El zapatismo puede considerarse como un movimiento postmoderno, en la medida que es un movimiento histórico que ocurre y aprovecha las experiencias históricas de los proyectos anteriores socialdemócratas, nacionalista-revolucionarios y comunistas, para no cometer los errores que aquellos cometieron; que hace suya en lo que vale y en lo que le es útil la revolución tecnológica de nuestro tiempo, con todas las implicaciones que tiene en los conceptos, en la comunicación y el diálogo; que relee el proyecto universal desde el proyecto local y nacional y que, sin caer en las generalizaciones del saber único, tampoco se queda en los particularismos. El movimiento zapatista del siglo XXI combina el conjunto en un proyecto universal que incluye lo uno y lo diverso.
“Es la hora de la palabra.
Guarda entonces el machete. Sigue afilando la esperanza. Camina, camina y habla. Baja de la montaña y busca el color de la tierra que en este mundo anda. Sé pequeño frente al débil y junto con él hazte grande. Sé grande frente al poderoso y no consientas en silencio para el nosotros que a tu paso se ensancha. Haz lugar para todos los colores que con el color de la tierra andan. En el séptimo día entonces llega, llega y busca del color de la tierra la dignidad común levantada”. Subcomandante Marcos.

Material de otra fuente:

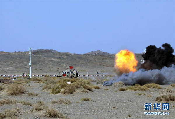 在“國際軍事比賽-2019”“安全環(huán)境”項目單組賽中,中國參賽隊快速通過雷爆區(qū)(8月8日攝)。新華社發(fā)(王軍強 攝)

Los hombres y mujeres del maíz, sin voz y sin rostro, que tuvieron que empuñar las armas para hacerse oír y cubrirse el rostro para ser vistos reclaman su lugar en la patria: “Lo que pedimos y lo que necesitamos los pueblos indígenas no es un lugar grande ni un lugar chico, sino un lugar digno dentro de nuestra nación; un trato justo, un trato de iguales, ser parte fundamental de esta gran nación; ser ciudadanos con todos los derechos que merecemos como todos; que nos tomen en cuenta y nos traten con respeto…”. Comandante David.